WHAT IS REQUIRED: Please output the listing that follows exactly, but keep all images out.

RAW DATA:

-- Opening Marker --

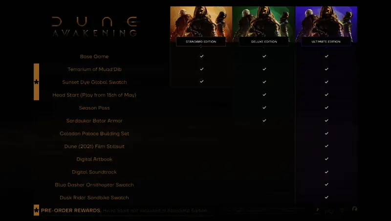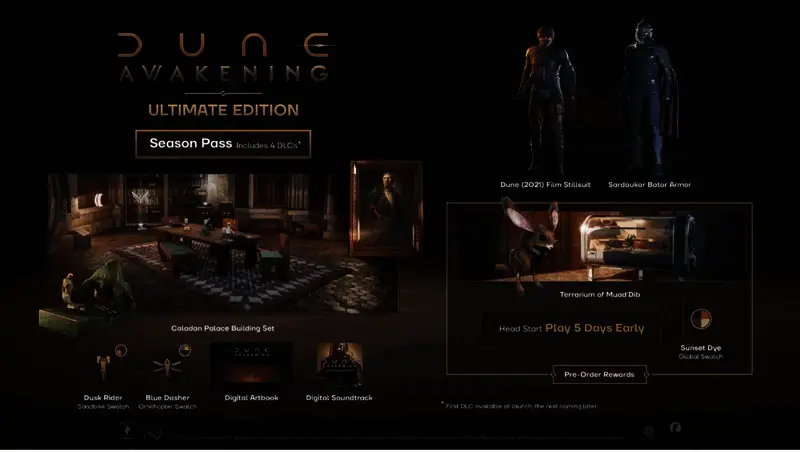 《沙丘:觉醒》标准版售价为(160元人民币),豪华版(230元人民币)和终极版(300元人民币)均为玩家提供5天抢先体验,并包含多种独特物品。作为豪华版和终极版的一部分,游戏还包含季票,将逐步解锁四个DLC,首个DLC将在发布时解禁。
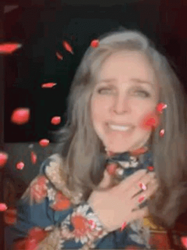 Noe Vc is visibly emotional as red rose petals fall around her, wearing a floral top.
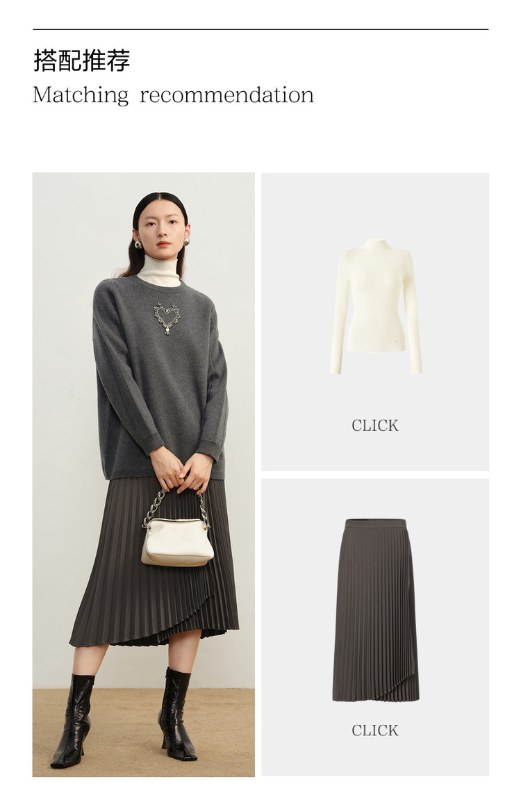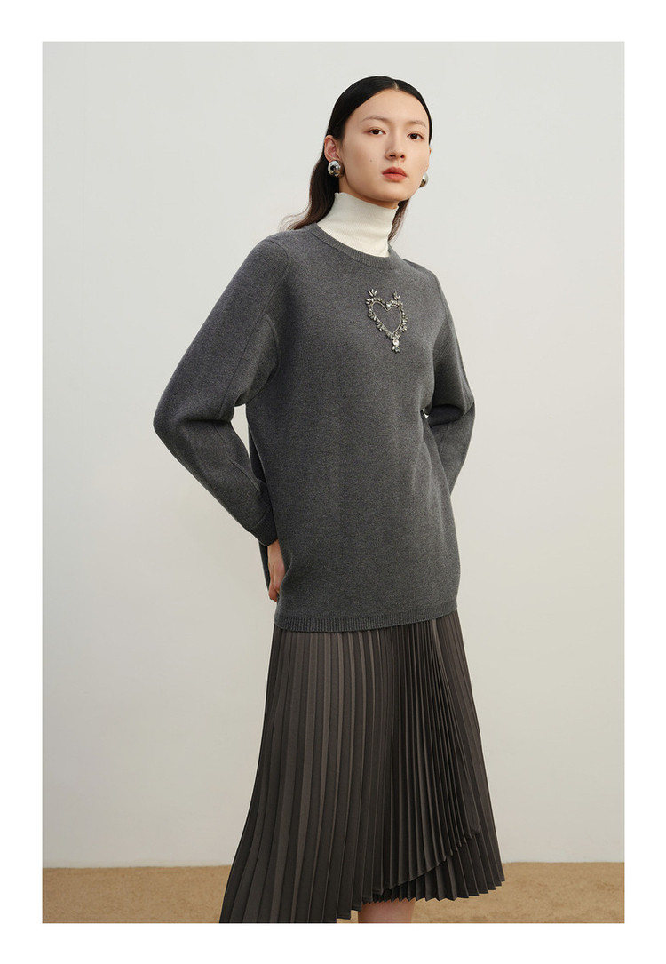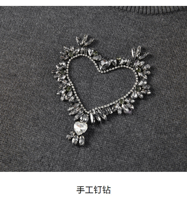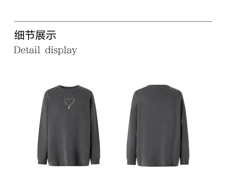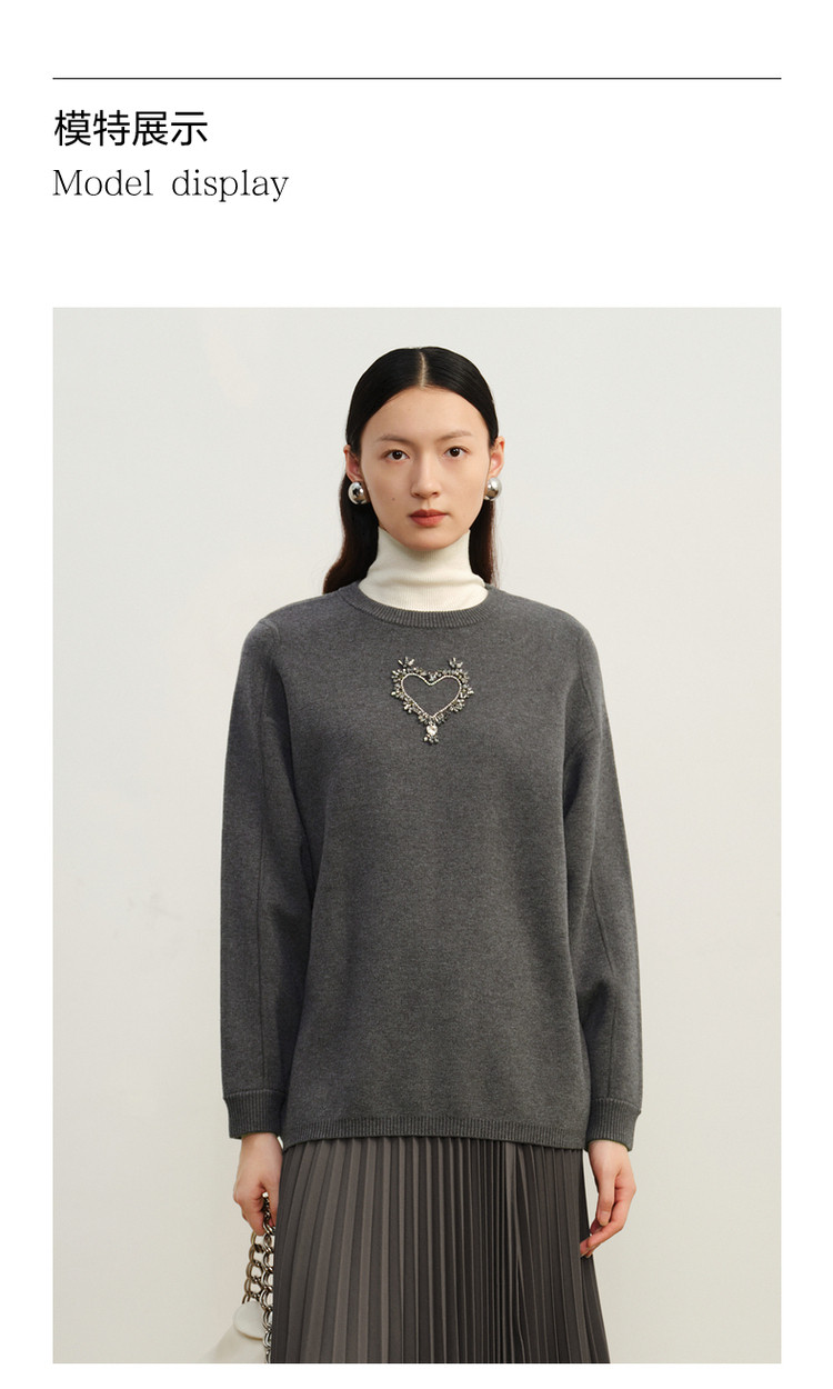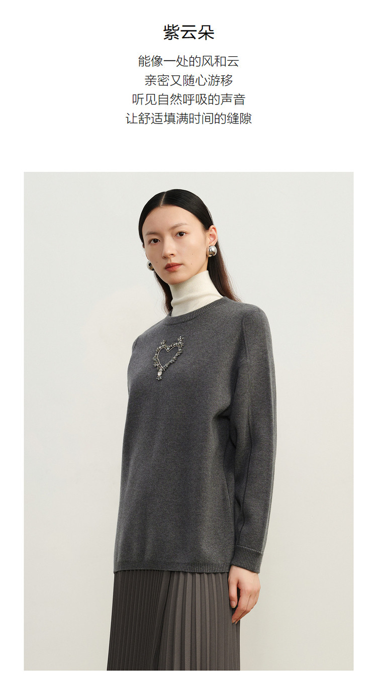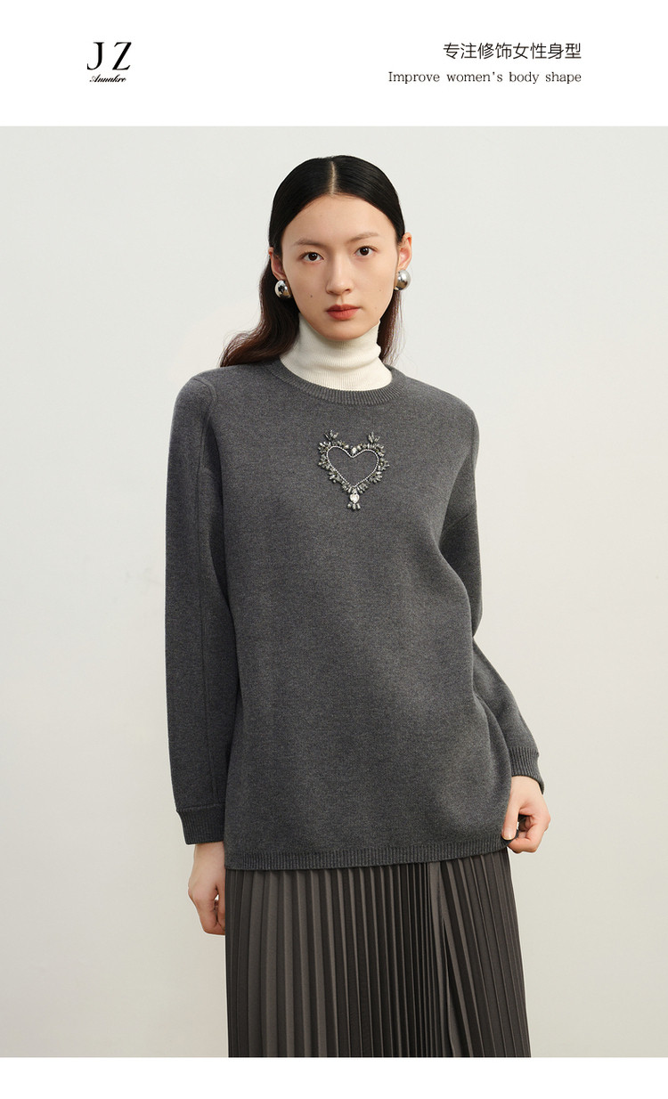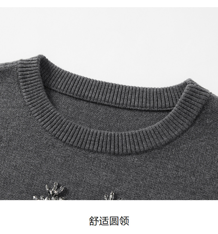 商品名称:玖姿旗下安娜蔻系列优雅手工钉钻花纱长袖圆领毛衣女冬季 791244
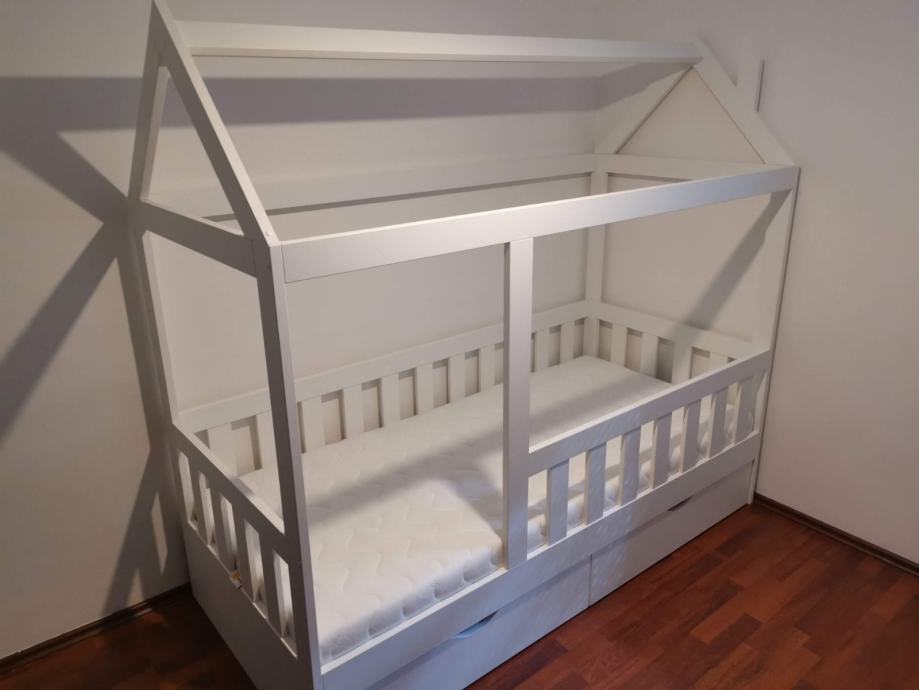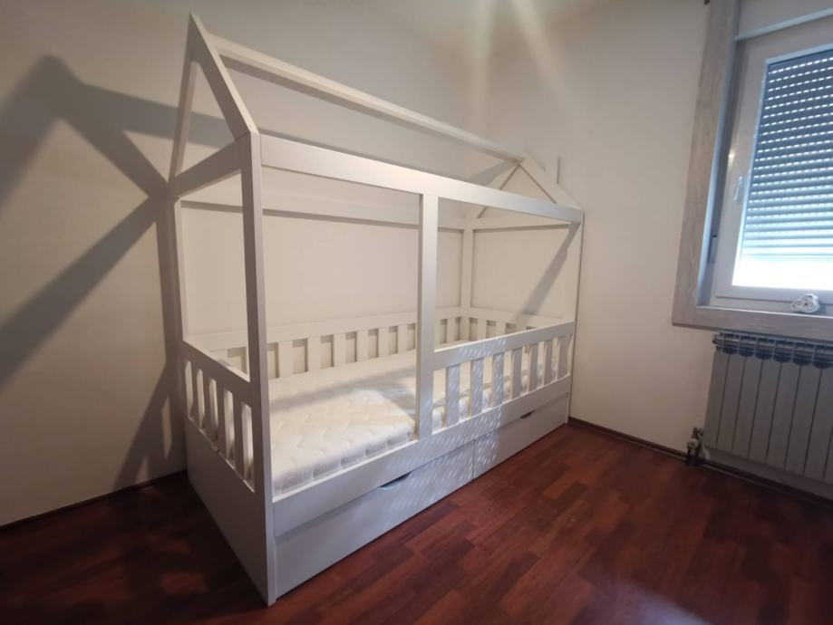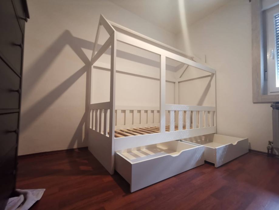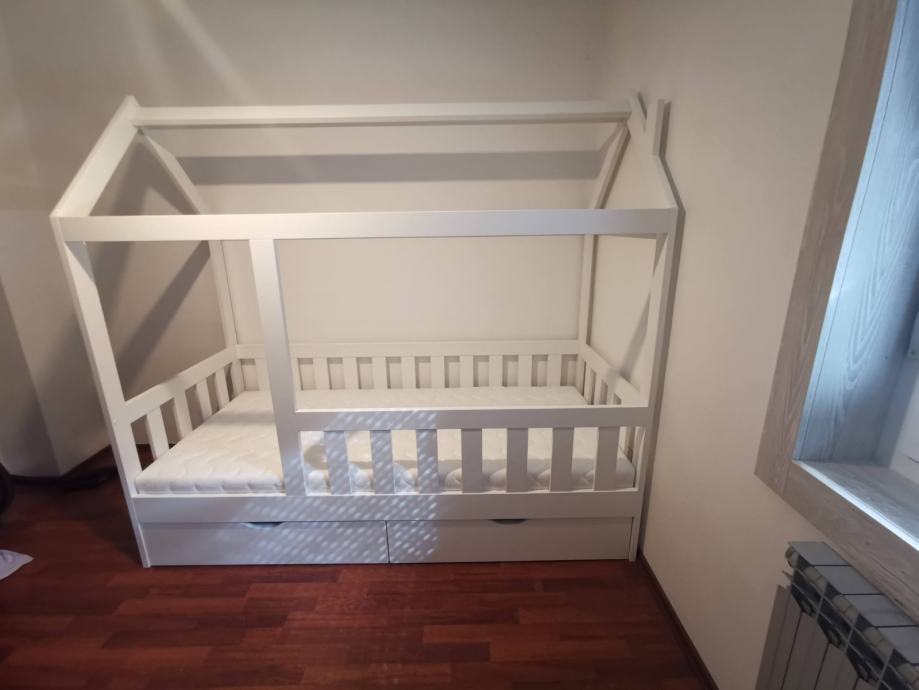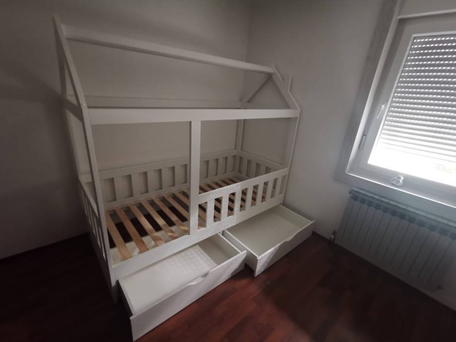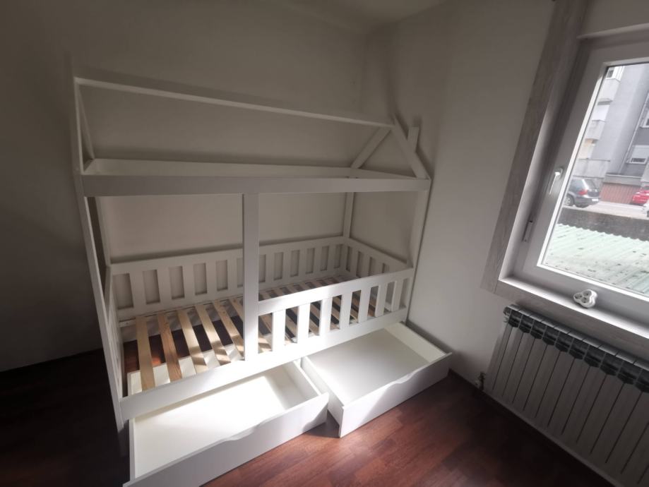 Krevet je rađen po narudžbi i nemoze se kupiti u ducanu. Rijetko je koriste dimenzije madraca 200*90cm ima dvije ladice za robu i posteljinu. Krevet je trenutno rastavljen projaje se da madrscem

-- Closing Marker --

TASK SOLUTION:
 《沙丘:觉醒》标准版售价为(160元人民币),豪华版(230元人民币)和终极版(300元人民币)均为玩家提供5天抢先体验,并包含多种独特物品。作为豪华版和终极版的一部分,游戏还包含季票,将逐步解锁四个DLC,首个DLC将在发布时解禁。
 Noe Vc is visibly emotional as red rose petals fall around her, wearing a floral top.
 商品名称:玖姿旗下安娜蔻系列优雅手工钉钻花纱长袖圆领毛衣女冬季 791244
 Krevet je rađen po narudžbi i nemoze se kupiti u ducanu. Rijetko je koriste dimenzije madraca 200*90cm ima dvije ladice za robu i posteljinu. Krevet je trenutno rastavljen projaje se da madrscem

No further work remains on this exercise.